Awed by the "miracles" of science and stunned by its stupendous achievements, the people begin to think that the scientists can do anything. This state of mind leads people to worship the scientist as the new Savior, the Messiah who will lead mankind out of darkness into the land of milk and honey. If the politicians are dismal failures, if they are helpless without the scientists; what could be simpler than to hand over the reins of government to them?

Experience has shown that outside of their particular specialty scientists are no better or worse than other men. A top notch chemist or mathematician may be a first class louse. He may be progressive, even radical, in his own field and yet be a reactionary bigot, a racist, and general all-around scoundrel in his relations with other people. Many good scientists were fanatical Fascists and Nazis. Volumes could be written about their skullduggery, their connection with commissars, financiers and militarists. Their plots and frameups of fellow scientists who refused to prostitute themselves and remained true to the noble ideals which animated them are notorious.

Nor is this all. Scientists on the Atomic Energy Commission, for example, have withheld information and twisted or falsified whatever information they did release; all this to suit the policies of the government. No wonder the late Albert Einstein denounced their vile conduct and declared that he would rather be a plumber or a peddler than to work under such conditions and for such purposes.

Einstein saw in the increasing subservience of the scientists to the politicians the greatest danger to the growth of knowledge, which would have the same effect as censorship on books and ideas, or the persecution of men for their political opinions. This danger would be magnified a thousandfold if the scientists would, alone or in alliance with the professional politicians, assume the de facto control of the government.

Not all scientists are of the same caliber. Many of them refuse to knuckle under. They see the dangers ahead and are deeply disturbed by the misuse of science for irrational and destructive purposes. In a remarkable article, printed in the Feb. 1958 issue of Liberation, Linus Pauling, 1954 Nobel Prize winner in chemistry, and chairman of the Division of Chemistry and Chemical Engineering of the California Institute of Technology, exposes the whole tragic mess. Liberation tells us that:

"More than nine thousand scientists, from over forty-three countries (including 2,705 from the United States and 216 from the Soviet Union) have now signed petitions calling for the abandonment of nuclear tests...The petition was presented to Dag Hammerskjold, Secretary General of the United Nations, on Jan. 13, 1958."

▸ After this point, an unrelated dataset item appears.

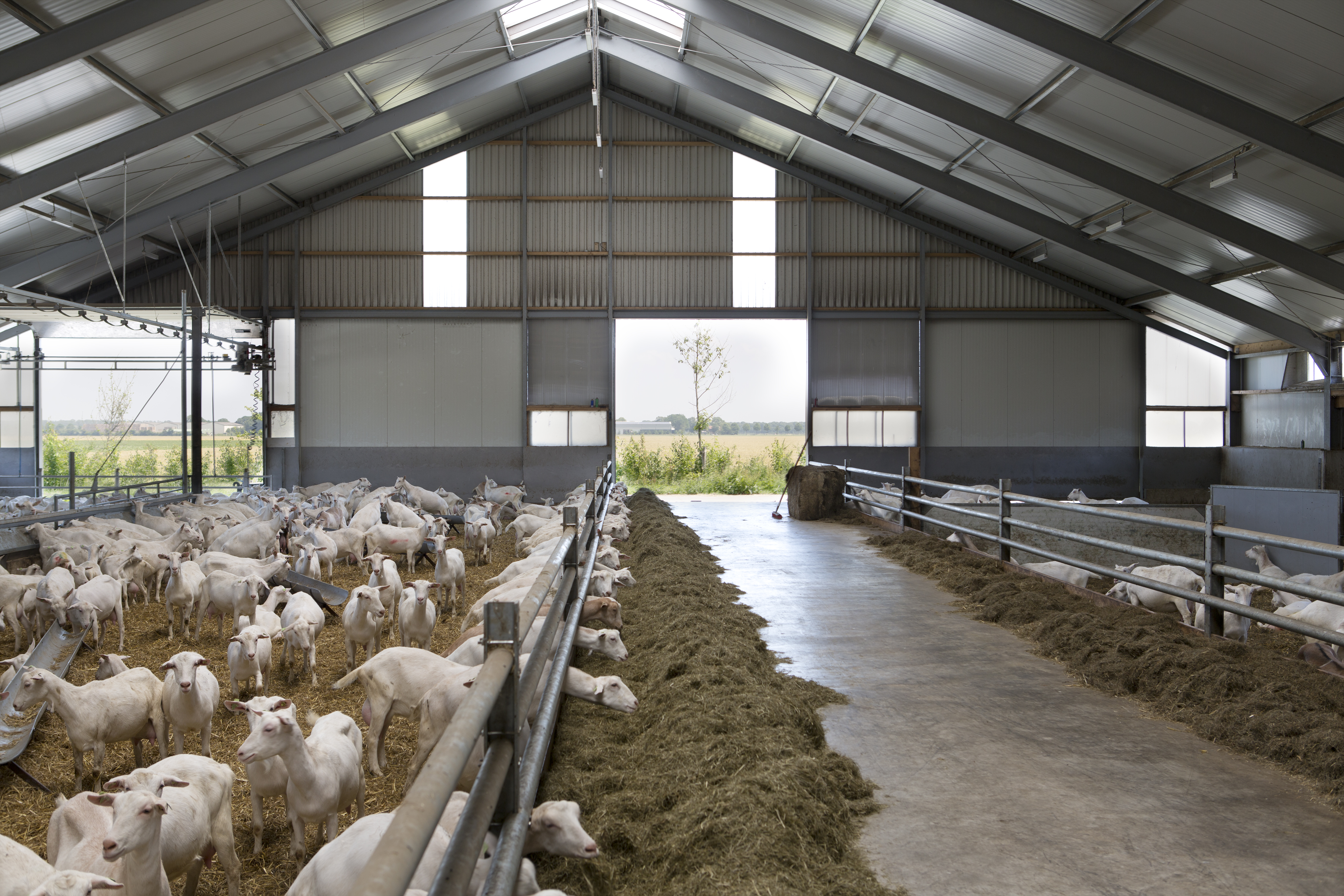 Om de vergunningverlening voor de geitenstal zo soepel mogelijk te laten verlopen, bleef Rombou bewust dicht bij de verleende vergunning voor de koeienstal. Hierdoor hoefden de ondernemers niet nogmaals langs de welstandscommissie. ‘De binnenkant van de stal, die voldoet aan de Maatlat Duurzame Veehouderij, kwam er uiteraard anders uit te zien dan aanvankelijk de bedoeling was. In plaats van een ligboxenstal voor tweehonderd koeien zijn er nu vier potten voor in totaal 1.100 geiten en een 2 x 36 stands melkstal met beweegbare vloer’, aldus Altena.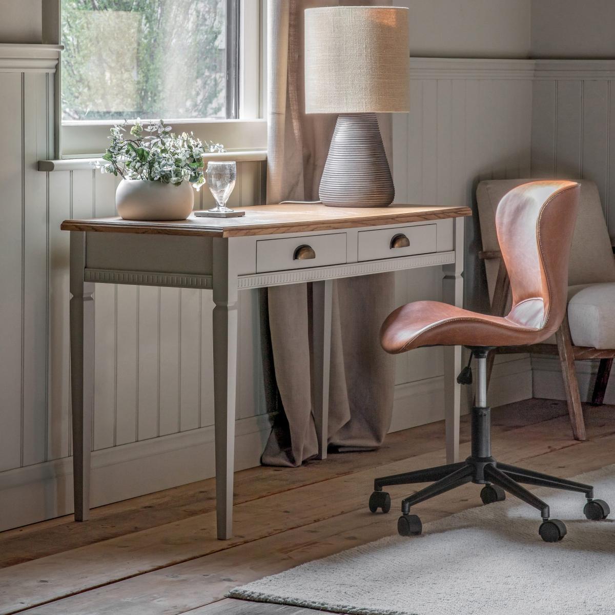 I love this piece because of its versatile, timeless appeal and the rich taupe finish that adds warmth to any space. It works particularly well in cosy home offices, vintage-inspired interiors, or traditional studies, but can also complement modern minimal schemes with its clean lines. For styling, keep the top clutter-free with a few well-chosen accessories like a decorative lamp, a small plant, or organisers in complementary tones. Pairing it with a soft fabric chair or a vintage-inspired piece can add character and comfort while maintaining its practical function. Its two drawers offer useful storage, making it both stylish and functional.

Dr. Pauling says that the appeal to the American Scientists was not the product of any organization—it was produced by a few professors and by me." (It would be interesting to know why only 216 Russian scientists signed the petition.) Be that as it may, the initiative of Dr. Pauling and his fellow signers shows a deep and noble Spirit deserving of the highest praise.

What is disturbing about this appeal is that it calls on the governments to stop the tests of nuclear weapons, in effect they are asking the wolves to guard the sheep! This is the blind spot. One does not have to be a savant to understand the situation. It's a matter of common sense that the very governments who, with the help of their scientific lickspittles developed, tested and used death-dealing weapons throughout history, will not now reverse themselves and give up the very weapons upon which their power depends. No State has or ever will, surrender its sovereignty unless forced to do so.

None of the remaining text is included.